HAYDN: Piano Trios in A; in d; in E; Quintet for harpsichord, 2 horns, violin, and cello; Divertimento – Abegg Trio/ Wilhelm Bruns & Tilman Schaerf, natural horn – Tacet

by | Apr 2, 2012 | Classical CD Reviews

HAYDN: Piano Trios in A, Hob. XV:18; in d, Hob. XV:23; in E, Hob. XV:28; Quintet for harpsichord, 2 horns, violin, and cello, Hob. XIV:1; Divertimento for horn, violin, and cello, Hob. IV:5 – Abegg Trio/ Wilhelm Bruns & Tilman Schaerf, natural horn – Tacet 195, 70:16 [Distr. by Naxos] ****:
Much of Haydn’s chamber music, aside from the string quartets, gets unfairly ignored; indeed, when comparing the piano trios of the Esterhazy master to those of Mozart it is commonplace to assume that the Salzburg boy had a one-up in all departments. But hearing the music on this disc brings those assumptions into question, for though Haydn was much more prolific in the piano trio department than Mozart, and turned in 45 trio works that he still named “sonatas”, his gems in the genre are the equal of anything Mozart wrote. While it is true that the earlier ones seem no more than string-accompanied piano pieces, the later works, especially those from 1984 on, are generally brilliant, and some simply spectacular.

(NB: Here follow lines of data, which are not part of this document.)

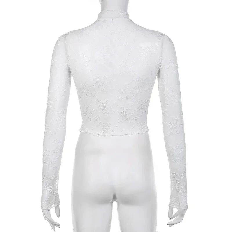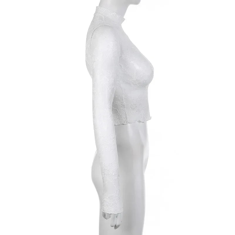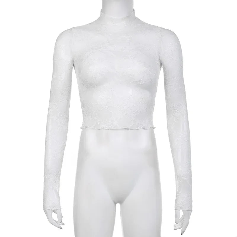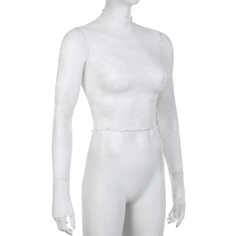 Lace Blouse Shirts Summer Women Turtleneck Long Sleeve See Through Lace Patchwork Thin Tops
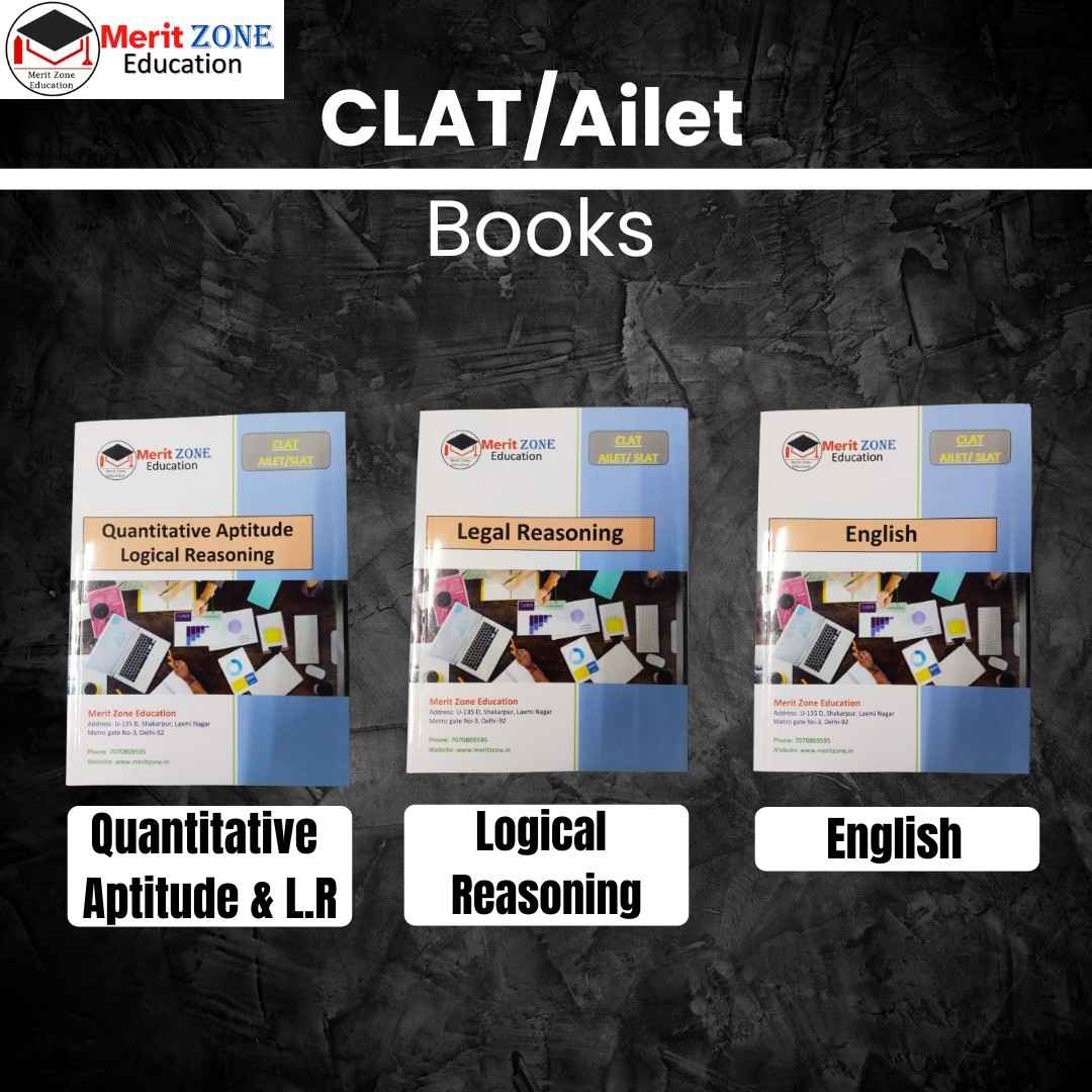 Prepare effectively for CLAT UG 2026 with MeritZone Education’s premium law entrance book series, built to strengthen the core CLAT testing areas — English Language, Legal Reasoning, and Quantitative Techniques/Logical Reasoning. Each book is structured according to the latest CLAT pattern, including passage-based questions and high-quality practice focused on boosting accuracy, speed, and rank.
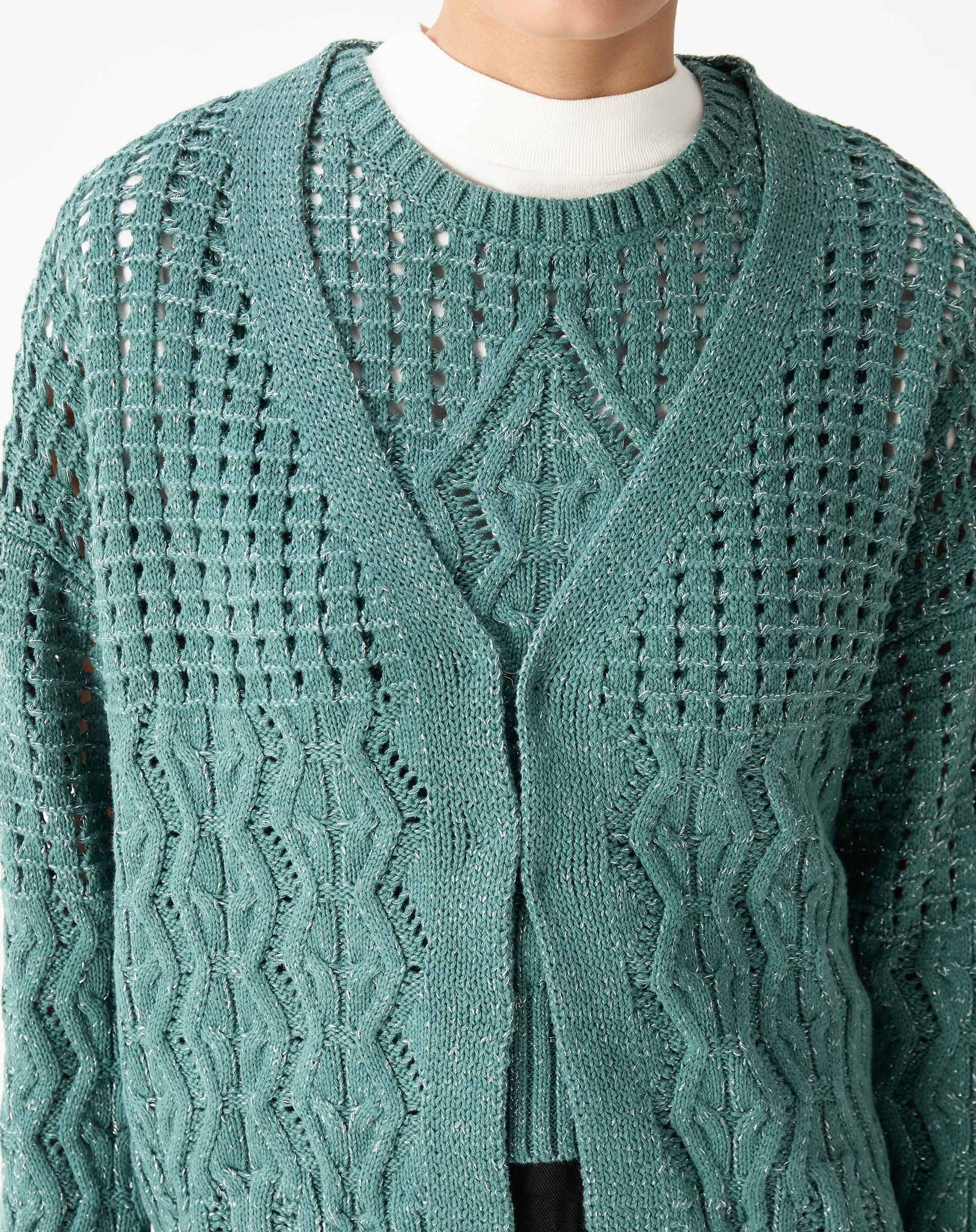 CARDIGAN TRICOT PONTO DIFERENCIADO - VERDE
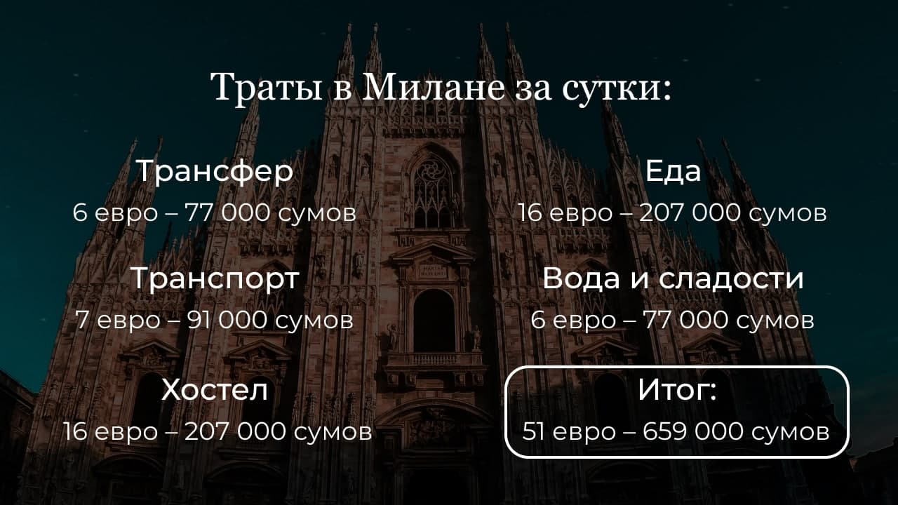 Всего в Милане за сутки мы потратили 51 евро (659,000 сумов), но в этом городе Италии мы практически не тратились, не покупали какие-то предметы одежды или сувениры домой. Основной шоппинг у нас произошёл уже в других городах Италии, что весьма прозаично, ведь именно Милан — город шоппинга.
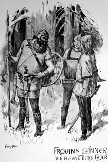 Ket and Wig appear in the Gesta Danorum as the sons of Frowin, the governor of Schleswig.[1] Wig also appears in the Anglo-Saxon Chronicle as the son of Freawine (Frowin) and father of Gewis, eponymous ancestor of the kingdom of Wessex and their kings,[2] but this is thought to be a late manipulation, inserting these heroes into a pedigree borrowed from a rival royal house, in which the Bernician eponym Bernic was replaced by the Wessex Gewis.

Mozart may have wonderful ideas, able to produce seeds of inventive melody that lend themselves to easy development, and Haydn has this ability as well, though not as prolifically as Mozart. But Haydn also has an ingenious talent for making bricks without straw, if the biblical analogy is appropriate; some of his ideas seem less than inventive until he takes them through the ringer and ends up persuading us that they are more worthwhile than we know they really are, simply by the genius of their manipulation. The three late trios here, late but from different periods within the late framework, all have smatterings of “how does he do this?”, and the sheer invention has one mesmerized from start to finish. If you think Haydn’s trios are something substandard, you owe it to yourself to hear this disc.
Haydn was blessed with perhaps the finest horn players in all of Europe, and when he left Esterhazy’s service he never wrote such horn music again. Both the Quintet and the Trio (Divertimento) contain amazing music that tax the horn players to the last degree—how they did this on natural horn is as phenomenal today as it must have been then, even more so since most players move from valved horn to natural when entering the period instrument realm. And this music is as catchy as you could ever want.
As mentioned, this music is done on period instruments, though it is only relatively of late that the wonderful Abegg Trio, playing since 1976, moved into this realm, and it is not one they necessarily live in all the time. But their credentials are sterling and their playing all one could ask for, energetic, enthusiastic, and musically impeccable. Tacet gives them their typically diamond-sharp sound in a recording of great clarity and balance.